ADSE

Supervisão exige política para alargar rede da ADSE e mínimos de cobertura

O presidente do Conselho Geral e de Supervisão da ADSE, João Proença, durante a sua audição na Comissão de Saúde, na Assembleia da República, em Lisboa, 27 de fevereiro de 2019. MÁRIO CRUZ/LUSA
O presidente do Conselho Geral e de Supervisão da ADSE, João Proença, durante a sua audição na Comissão de Saúde, na Assembleia da República, em Lisboa, 27 de fevereiro de 2019. MÁRIO CRUZ/LUSA

O Conselho Geral e de Supervisão lembra que há 1700 prestadores à espera de aderir à ADSE e defende mínimos de cobertura.

O Conselho Geral e de Supervisão da ADSE exige da direção do instituto público uma política de alargamento de convenções, propondo mínimos de cobertura e defendendo critérios onde contem “avaliações de qualidade, prestação de contas fiável e garantias de não discriminação dos beneficiários”. Há 1700 entidades à espera de aderirem, lembra, e haver uma rede mais reduzida não é sinónimo de poupança.

O órgão liderado por João Proença emitiu esta sexta-feira um parecer sobre critérios e cláusulas a adotar na celebração de novas convenções, propostos pelo conselho diretivo da ADSE, a que preside Sofia Portela. “É necessária outra política da ADSE para a celebração de convenções que garanta acessibilidade, eficiência e qualidade”, defende o órgão que representa os beneficiários.

O conselho diz que o alargamento da rede é prioridade, “não se compreendendo que a mesma esteja congelada desde 2015 por razões que se desconhecem”, e avança mínimos de cobertura: três prestadores por especialidade em pequenos concelhos; hospitais a uma distância aceitável; e inclusão de prestadores de saúde de referência.

Segundo o organismo, “a existência de um menor número de convenções não é por si uma norma para conduzir a um menor consumo, mas sim uma prática deliberada de não responder adequadamente às necessidades dos beneficiários”. Como está, “a rede é claramente insuficiente”.

Para o Conselho Geral e de Supervisão, A ADSE deve dar prioridade ao regime convencionado – “é melhor em termos de um adequado controlo com envolvimento de menos recursos humanos” – e os critérios a definir na apreciação dos novos aderentes devem também guiar avaliações regulares sobre as entidades que já estão na rede.
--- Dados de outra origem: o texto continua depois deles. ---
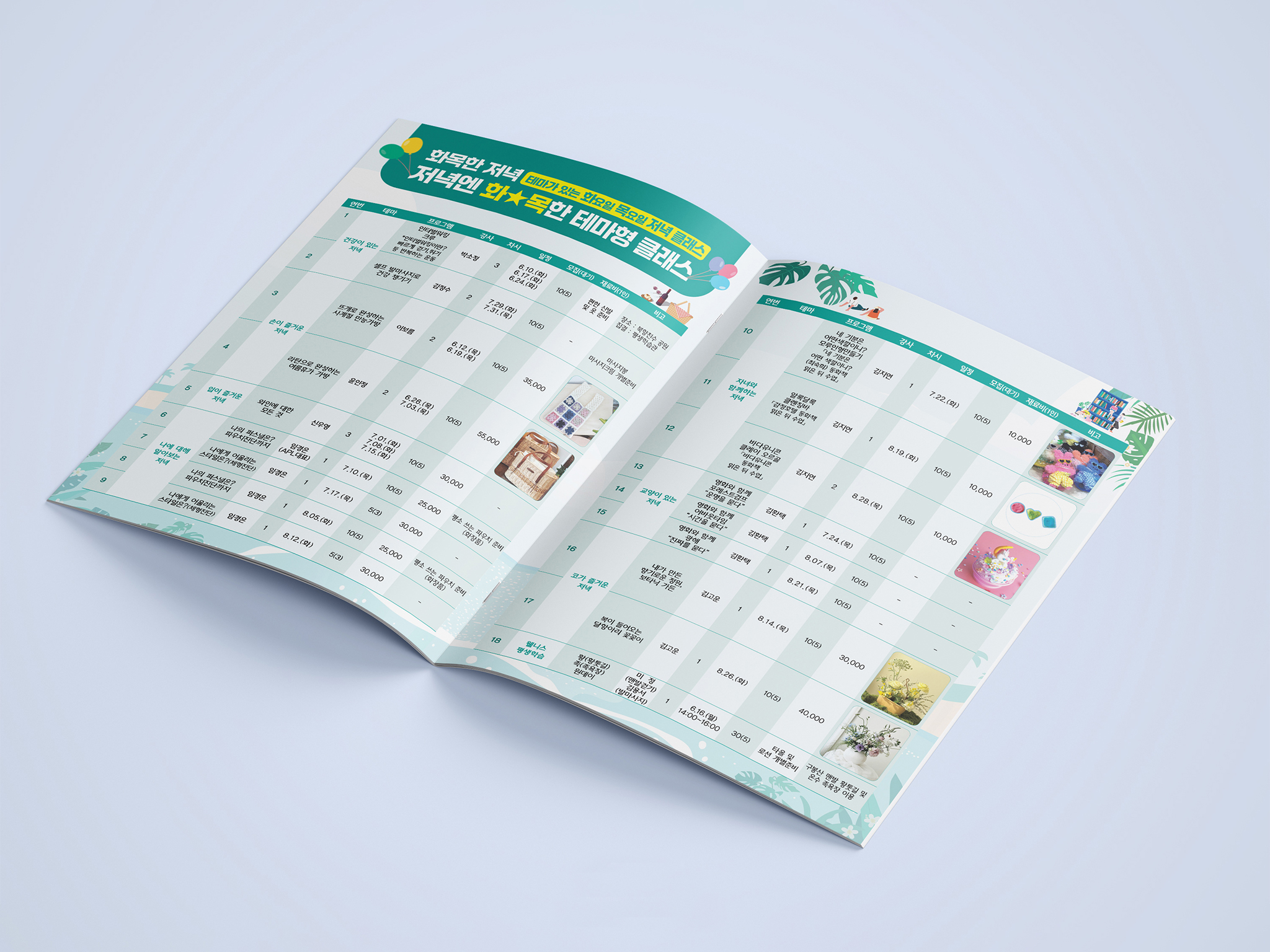 표지는 계절감을 반영해 생동감 있게 구성하고, 내지는 체계적이고 직관적인 편집으로 누구나 쉽게 필요한 정보를 찾을 수 있도록 구성하였다. 또한 직장인과 어르신 등 다양한 연령층을 고려한 맞춤형 프로그램 정보를 한눈에 확인할 수 있어 학습자들이 원하는 강좌를 쉽게 찾고 신청할 수 있도록 하였다.
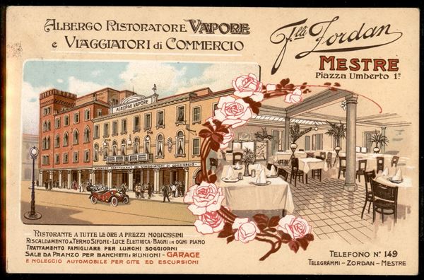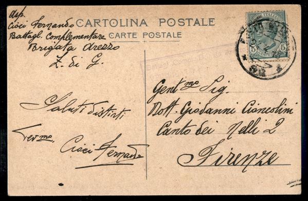 Albergo Vapore/Zordan Mestre - cartolina dalla Posta Militare (Battagl. Compl. Brigata Arezzo) per Firenze del 24.4.1918

Os prestadores de saúde devem ser afastados em caso de más práticas – por exemplo, ao discriminarem pacientes.

“A ADSE deverá acompanhar sistematicamente a atividade dos prestadores no seu relacionamento com a ADSE, podendo proceder à denúncia das convenções nos prazos fixados, em termos globais ou em áreas específicas quando se verifique a prática reiterada de ações lesivas dos interesses da ADSE e dos seus beneficiários, incluindo a existência de discriminações no acesso aos cuidados de saúde”, defende o parecer.

O documento também avalia a proposta de novas cláusulas-tipo para todas as convenções e vê como positiva um a proposta de redução do dos prazos de pagamento de faturas e de alterações, em diálogo, às atuais tabelas do regime, ambos pontos atualmente em negociação entre ADSE e os prestadores privados de cuidados de saúde.